Никто не имел права в таком тоне говорить со Смотрителем, но удержаться сил не было. Тоже мне, нашёлся утешитель. Что ты думаешь, читать ему религиозные книги, вытирать сопли?
Но реальность оказалась намного хуже того, что предположил Соловей.
– То есть ты считаешь, что если я седой и морщинистый, то не могу уже и дать никому утешения? Ошибаешься, старый каторжник ещё о-го-го! А если совсем иссякнут силы, то есть у меня одна чудодейственная настойка, рецепт подсказали в борделе… Не бойся за судьбу мальчика.

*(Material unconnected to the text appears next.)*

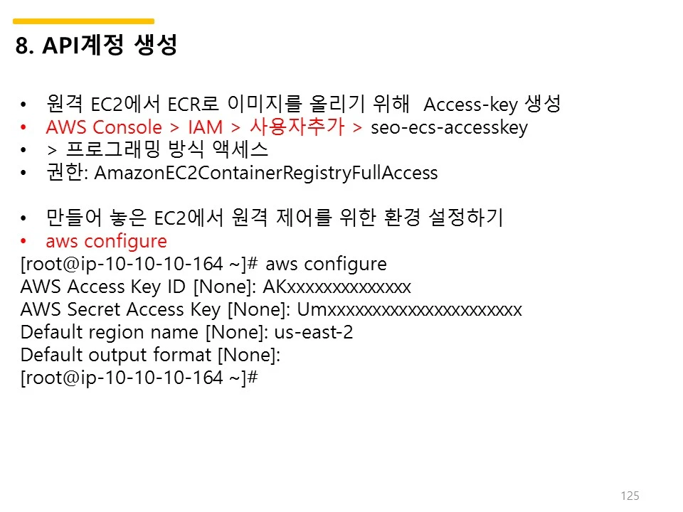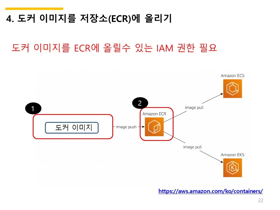 도커 이미지를 저장소인 ECR에 올리기 위해 계정과 권한이 필요하다.

Он будет ни в чём не знать нужды, я позабочусь.
Соловей не хотел верить, что Смотритель говорит всерьёз. Это же сделать из ни в чём не повинного паренька… Даже произносить противно. Там дно, с которого, по Кодексу Каторжанина, нет пути наверх. После такого человеку не подают руки и не принимают ничего из его рук.
Смотритель заметил перемену в лице Соловья.

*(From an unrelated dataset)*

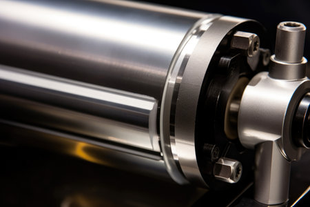 Close-up of a pneumatic cylinder in motion, tightly and precisely compressing air.

– Ни плевков, ни пинков он не получит. Я на ножи поставлю любого, кто обидит птенчика. И вообще, в мире не одни каторжане живут. Я не век буду его утешать, когда-нибудь он покинет меня, станет жить крестьянином или учиться ремеслу… никто даже не спросит, кем он был в мире каторжников.
Соловей в страхе попятился от Смотрителя.
– Да как вы… это же мерзость!!!
Смотритель засмеялся.
– Сразу видно, каторжанин, который не сидел на каторге. Всем поначалу мерзко, сынок, пока двадцать лет у судьи не схлопочешь. А потом уже на воле не можешь отказаться. Втягиваешься. Благодарю за ценные сведения, Соловей. А теперь ступай, у меня время вечерней молитвы за успехи ночной армии.
Соловей выскочил на улицу как ошпаренный.
Он, в отличие от Смотрителя, никогда не читал священных книг, не знал толком ни одной молитвы, но всегда знал меру в плохих делах. Чувствовал нутром, что такая мера обязана быть. Укради, но не у сиротки, обмани, но не бедняка. Не трогай стариков, не обижай женщин. Цени дружбу и хорошее отношение.
И самое страшное. Это по его вине девчонку ждёт кошмарная участь. А теперь ещё и её брат вместо каменоломен отправится в каморку Смотрителя Бия. Смотритель Бий будет настаивать на своей доле, и атаманы с радостью отдадут ему подростка.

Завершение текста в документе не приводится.